From the Charles Bridge, the major crossing of the Vlatava which wanders through the Czech Republic and joins the Elbe. Swans on the water, lots of them, simply gliding. At the top of the hill is Prague Castle, the seat of the government and the home of the Czech president. The spires belong to St Vitus Catherdral, no dancing allowed. At least it is Gothic, not German baroque.
The changing of the guards, not quite as impressive at the event at Windsor Palace, but I’ve never been to Windsor, so this is my sense of how guards change.
The walk up to and down from the castle was steep enough to remind me of Ithaca.
On the way down, bypassing the Charles Bridge which was thronged with strolling visitors, we stumbled into the Waldstein Garden, now the home of the Senate of the Czech Rebublic. Manicured lawns and hedges.
But also fauna of a decorative sort. A few rather tame peacocks, mostly drab hens and two more brilliant cocks, wander casually along the paths, seemingly oblivious to human interlopers.
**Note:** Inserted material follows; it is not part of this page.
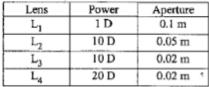 | Using the data given in figure, state as to which of the given lenses will you prefer to use as i) an eye-piece and ii) an objective to construct an astronomical telescope? Give reason for your answer. |

This one seemed to pose deliberately for me on a pedestal. When Nancy saw the swans below the bridge, she thought of Yeats and Coole; I heard the peacocks’ cries as a Yeatsian transition. We see the world through what we read.
Not quite the Peaceable Kingdom, but these species seem at ease with each other.
When I left Ithaca, I left a yard in disarray with patches of dried matted grass, stressed from the drought. Either Prague is not enduring a drought or the Senate can afford to water.
If one took a photograph of every startling structure, one would never walk more than 10 blocks a day. I especially appreciated how these buildings mirror each other at their intersection.
Love the pictures–and the commentary. We know the world (and pictures of it) through what we read . . .
LikeLike
Thanks for the pictures and your observations of Prague. Looks like quintessential “old Europe”.